森美術館では臨時休館中に、オンラインプログラム「Mori Art Museum DIGITAL」を開設。その中には、会期途中で終了せざるを得なくなった「未来と芸術展」をVR 映像を使ってホームページから擬似鑑賞できる実験的な仕掛け「3Dウォークスルー」もあります。

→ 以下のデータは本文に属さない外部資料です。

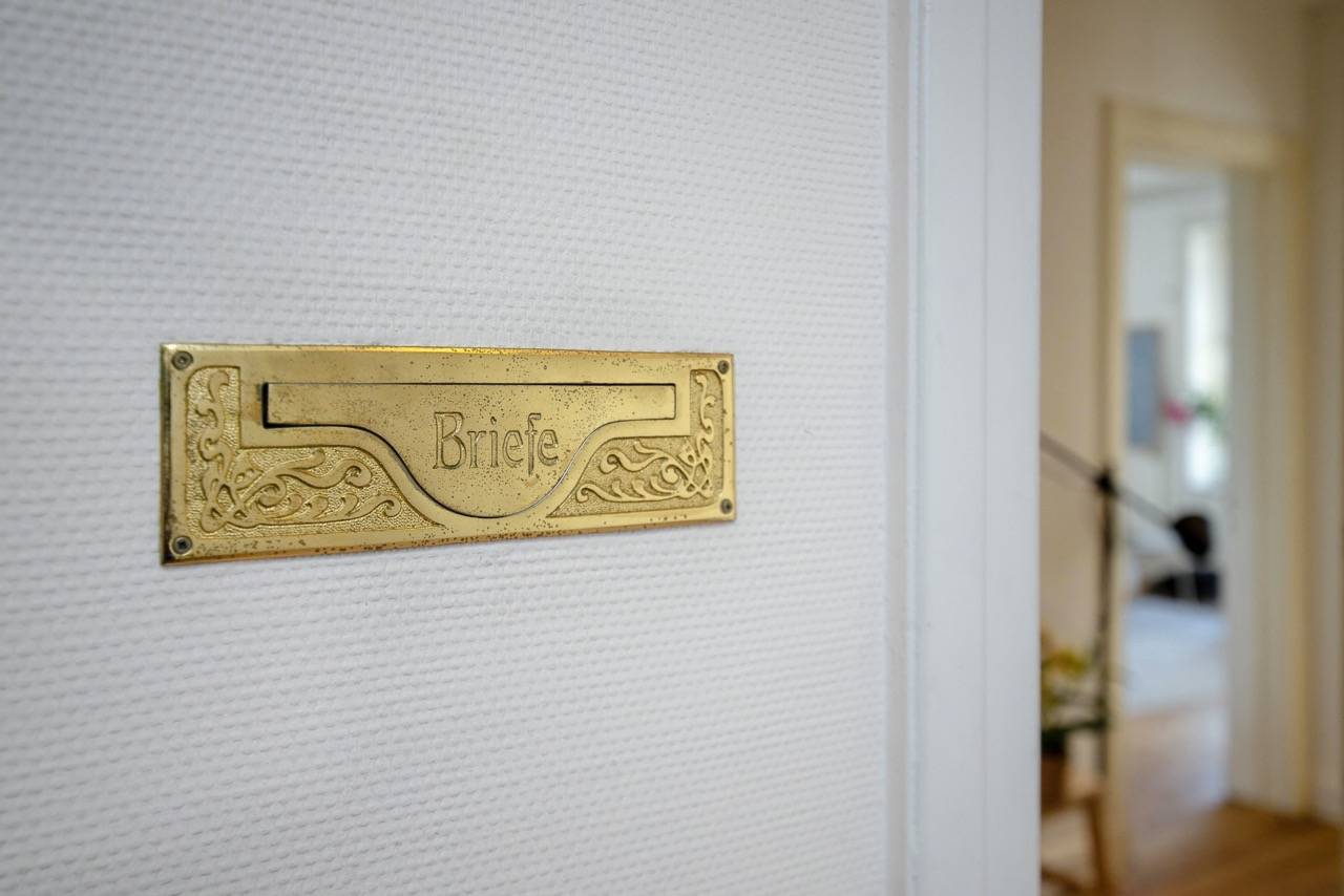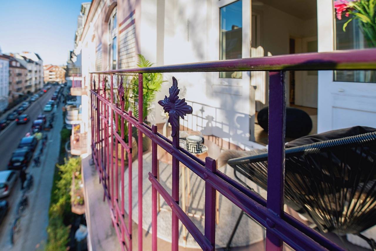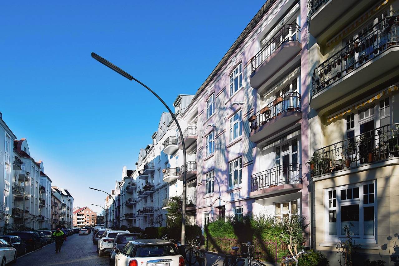 Baujahr 1906 mit zartrosa-weißer Frontfassade & weinroten Balkonen. Ein sehr gepflegtes Haus, um das sich die Eigentümergemeinschaft rührend kümmert. Das Treppenhaus hat 1 bemerkenswerte Stuckleiste im Entrée – achten Sie auf die kleinen grünen Frösche. Das Haus steht unter Denkmalschutz.

「実際に展覧会を観た人でも見落としている部分に新たに気づけたり、あるいは美術館が再開した後も、こうした仕組みがあればさまざまな事情で来館できない方たちにも鑑賞の機会を提供できるようになる。今後の美術館体験を考える上でもヒントになるのではないかと思います」(森美術館広報)

また同館ではラーニング・プログラムにも力を注いできましたが、人を集めて行うことが今後も難しいため、オンラインを駆使した代替案を継続的に探っていくとのことです。「予想だにしなかった事態によって十分な準備もなく今できることから始めたという面もありますが、実物を見る体験とオンラインの体験を並走させていく美術館体験の“ニュー・ノーマル”に真剣に取り組む契機になったという点ではプラスでした」

美術に親しんでもらう「入り口」の広がり

浮世絵を専門とする太田記念美術館も開催中の展覧会が途中閉幕を余儀なくされる中で、展示していた作品を少しでも観て欲しい/知って欲しいと、SNSを通じて「おうちで浮世絵」という投稿を始めました。以来、今日まで最低一日一回は投稿しています。最初は疫病退治に関わる浮世絵を選んで発信していましたが、今では季節感や時事などテーマは広がっています。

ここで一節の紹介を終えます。